(Collection entries)
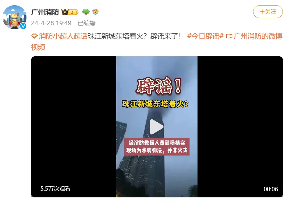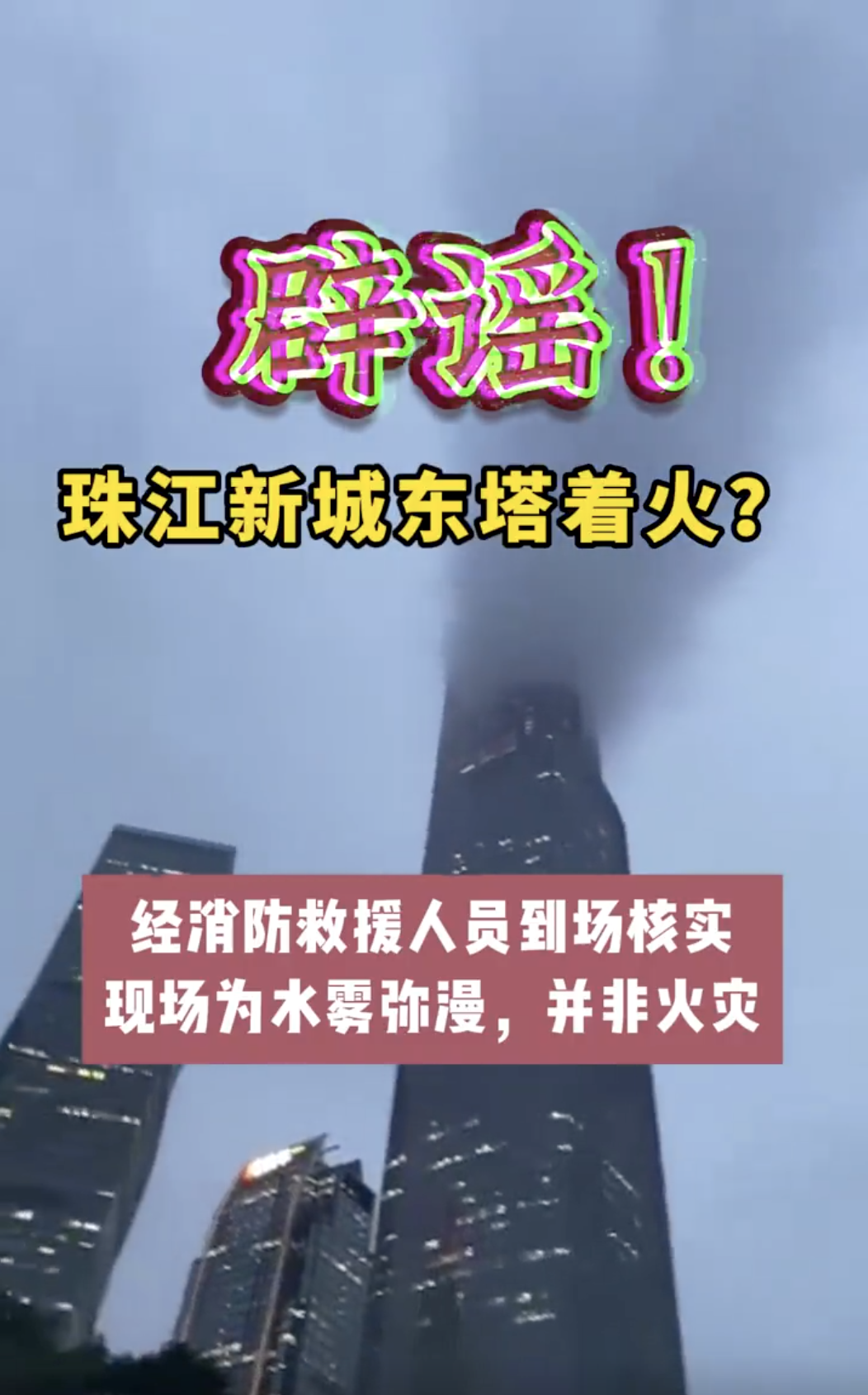 4月28日早些时候,有网友在社交平台发布信息称,珠江新城东塔疑似有烟冒出,“路过还听到消防车的声音”。后@广州消防 发布微博辟谣,请大家不信谣不传谣。
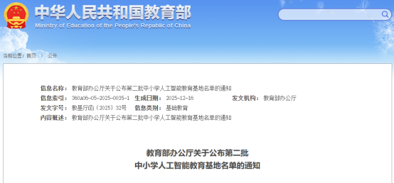 山西科技报新闻网大同讯 据教育部最新消息,为深入贯彻落实国家关于人工智能教育发展的战略部署,根据《教育部办公厅关于开展第二批中小学人工智能教育基地推荐工作的通知》(教基厅函〔2025〕15号)要求,经各地教育行政部门组织推荐、教育部集中公示与综合评议,全国共确定325所学校为第二批中小学人工智能教育基地。我省共有10所中小学校脱颖而出,成功入选该国家级基地名单。
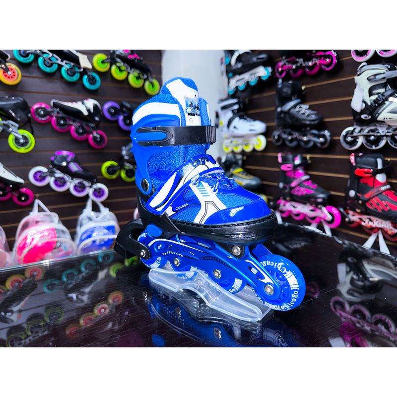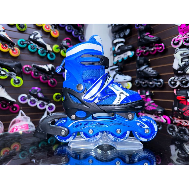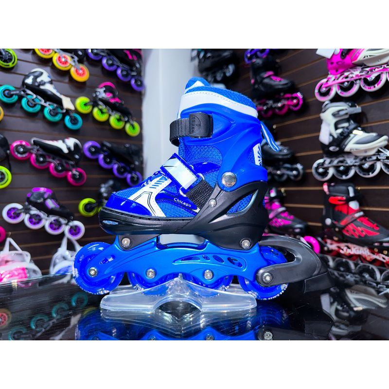Patines En Linea Semiprofesionales Kit Chicago Ajustables Con Protecciones Azul
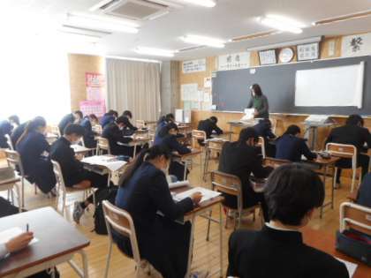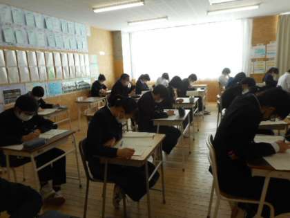 3年生は県立高校の入試本番に向けて、演習問題に取り組んでいます。
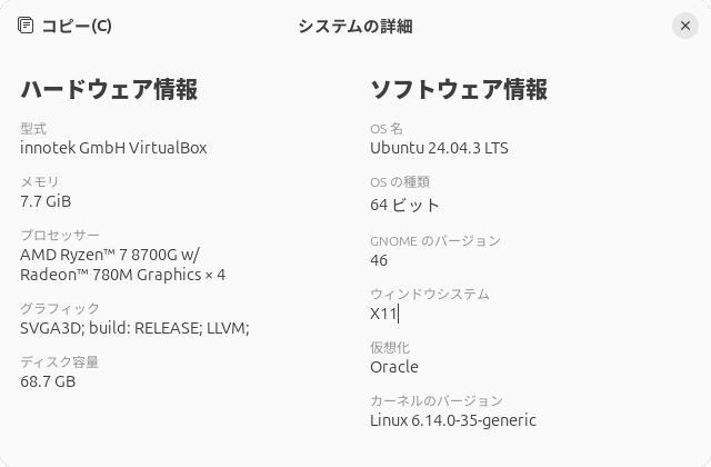 図7 Ubuntu 24.04 LTSの「システムの詳細」
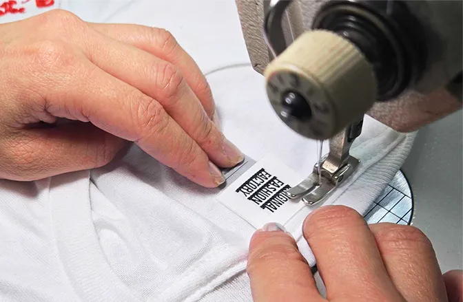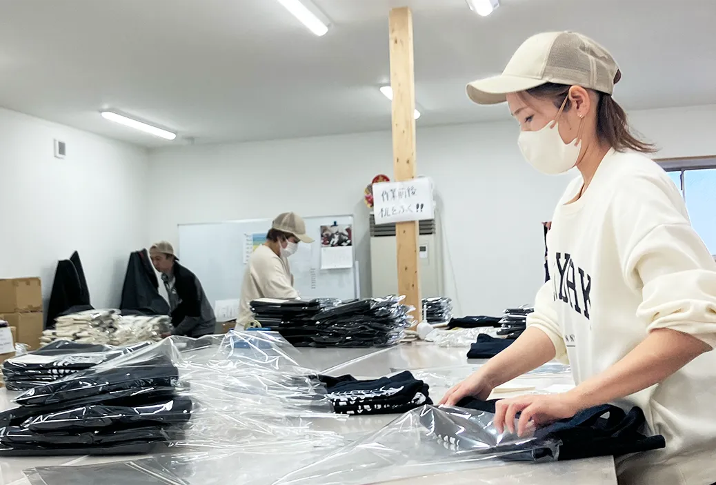 衣類の加工現場では製品自体の縫製不良の他にも、インク汚れやピンホールなど思わぬ予想外な不良も発生します。それらを見逃さない検品体制と徹底できるだけの環境づくりに力をいれてお客さまに良品のみを届けられるように取り組んでいます。
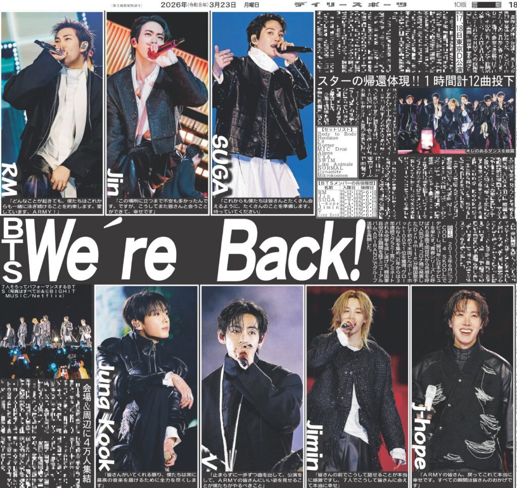 BTS COME BACK!!(東京版)2026年3月23日付
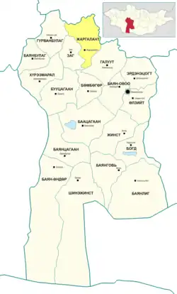 - ↑ "Jargalant Sum". Jargalant. Bayankhongor Aimag. Retrieved 2 June 2020.
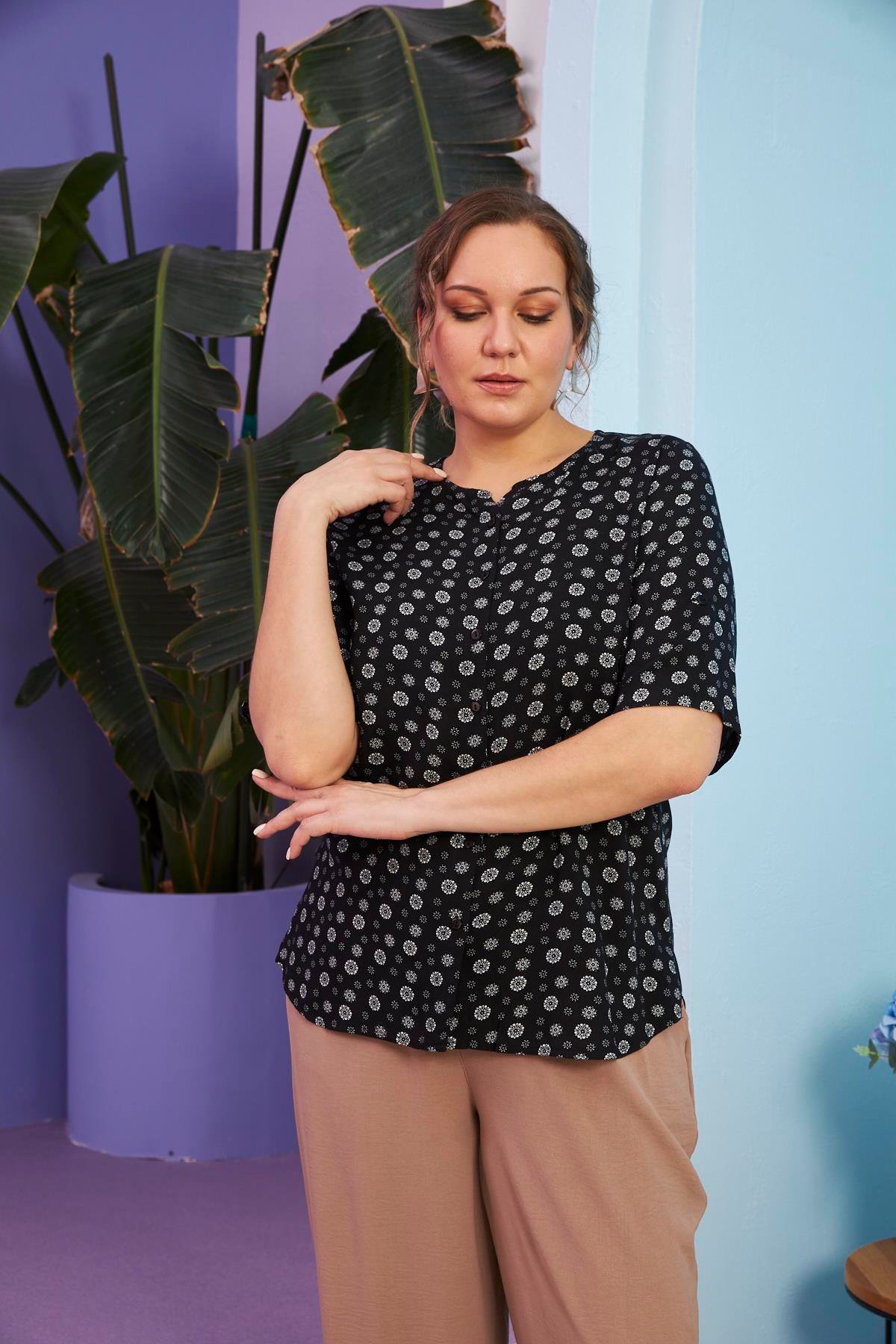Mini Çiçek Desenli Büyük Beden Siyah Gömlek (O6327-SİYAH)
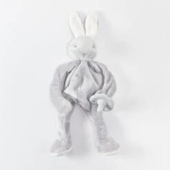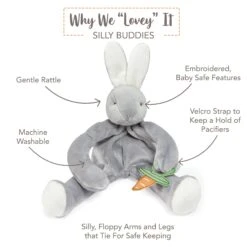 Bloom Bunny Silly Buddy animal pacifier holder is the perfect gift for your wee one with multiple ways to soothe. Luscious glacier gray, super-soft and floppy, super silly, and oh so useful, this take-a-long pal will tie onto baby’s stroller, crib or car seat.
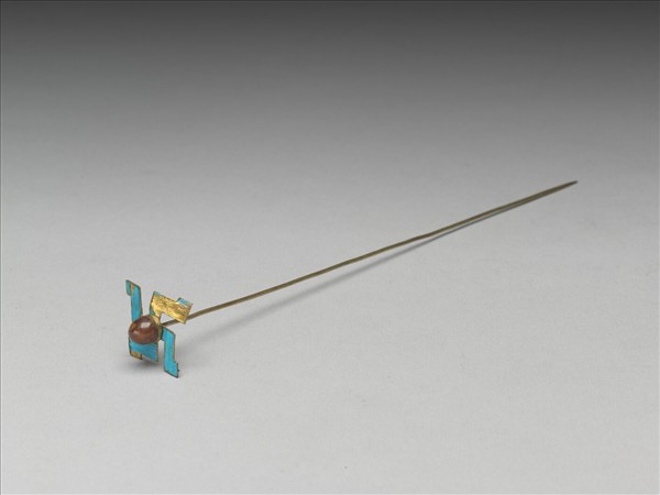 簪,簪首作卍字形飾點翠,中心鑲嵌一碧璽,色澤鮮豔。素挺。
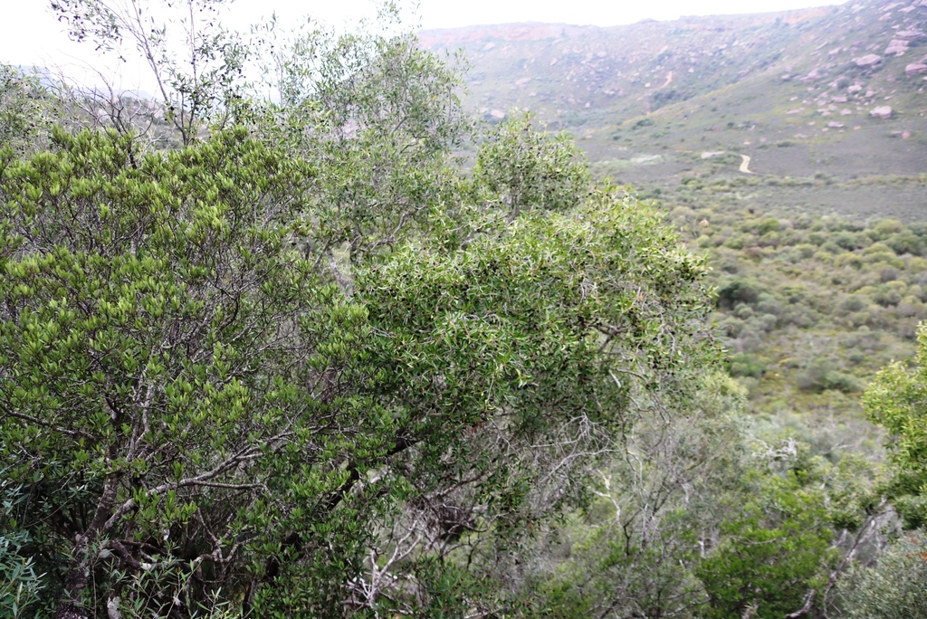 - Mock Olive Phillyrea latifolia Phillyrea has opposite thicker leaves and different fruit (small drupes) but lacks olives’ characteristic gnarled trunk and larger fruit clusters.
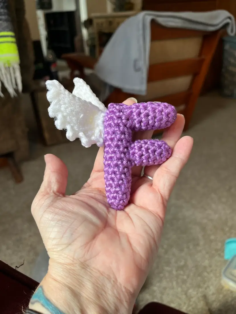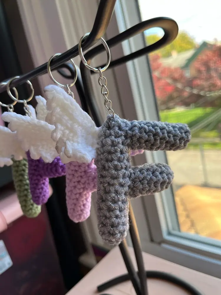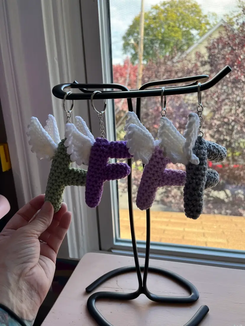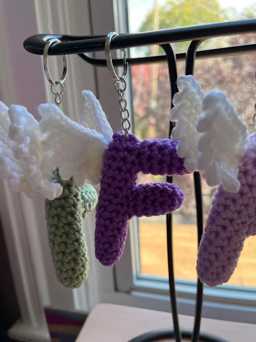 Pick one naughty Flying F. Green, purple, lilac or sparkly silver. Made by me crochet key chain
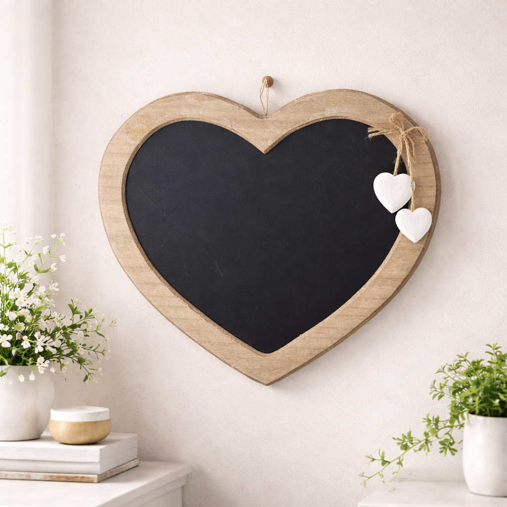 Oryginalna tablica do zapisków kredą w kształcie serca. Ważne wiadomości zyskają stylową oprawę. Tablica jest ozdobiona niewielkim, uroczymi drewnianymi serduszkami oraz sznurkiem w roli zawieszki. Może również pełnić funkcję ramki. Ponieważ wewnętrzna część tablicy jest wyjmowalna, wystarczy włożyć własne zdjęcie lub plakat. Ładnie będzie się prezentowała w kuchni, jadalni czy przedpokoju. Dobry pomysł na niebanalny prezent.

## The problem
Reproduce the records above exactly, excluding every picture.

## Result below
 4月28日早些时候,有网友在社交平台发布信息称,珠江新城东塔疑似有烟冒出,“路过还听到消防车的声音”。后@广州消防 发布微博辟谣,请大家不信谣不传谣。
 山西科技报新闻网大同讯 据教育部最新消息,为深入贯彻落实国家关于人工智能教育发展的战略部署,根据《教育部办公厅关于开展第二批中小学人工智能教育基地推荐工作的通知》(教基厅函〔2025〕15号)要求,经各地教育行政部门组织推荐、教育部集中公示与综合评议,全国共确定325所学校为第二批中小学人工智能教育基地。我省共有10所中小学校脱颖而出,成功入选该国家级基地名单。
Patines En Linea Semiprofesionales Kit Chicago Ajustables Con Protecciones Azul
 3年生は県立高校の入試本番に向けて、演習問題に取り組んでいます。
 図7 Ubuntu 24.04 LTSの「システムの詳細」
 衣類の加工現場では製品自体の縫製不良の他にも、インク汚れやピンホールなど思わぬ予想外な不良も発生します。それらを見逃さない検品体制と徹底できるだけの環境づくりに力をいれてお客さまに良品のみを届けられるように取り組んでいます。
 BTS COME BACK!!(東京版)2026年3月23日付
 - ↑ "Jargalant Sum". Jargalant. Bayankhongor Aimag. Retrieved 2 June 2020.
Mini Çiçek Desenli Büyük Beden Siyah Gömlek (O6327-SİYAH)
 Bloom Bunny Silly Buddy animal pacifier holder is the perfect gift for your wee one with multiple ways to soothe. Luscious glacier gray, super-soft and floppy, super silly, and oh so useful, this take-a-long pal will tie onto baby’s stroller, crib or car seat.
 簪,簪首作卍字形飾點翠,中心鑲嵌一碧璽,色澤鮮豔。素挺。
 - Mock Olive Phillyrea latifolia Phillyrea has opposite thicker leaves and different fruit (small drupes) but lacks olives’ characteristic gnarled trunk and larger fruit clusters.
 Pick one naughty Flying F. Green, purple, lilac or sparkly silver. Made by me crochet key chain
 Oryginalna tablica do zapisków kredą w kształcie serca. Ważne wiadomości zyskają stylową oprawę. Tablica jest ozdobiona niewielkim, uroczymi drewnianymi serduszkami oraz sznurkiem w roli zawieszki. Może również pełnić funkcję ramki. Ponieważ wewnętrzna część tablicy jest wyjmowalna, wystarczy włożyć własne zdjęcie lub plakat. Ładnie będzie się prezentowała w kuchni, jadalni czy przedpokoju. Dobry pomysł na niebanalny prezent.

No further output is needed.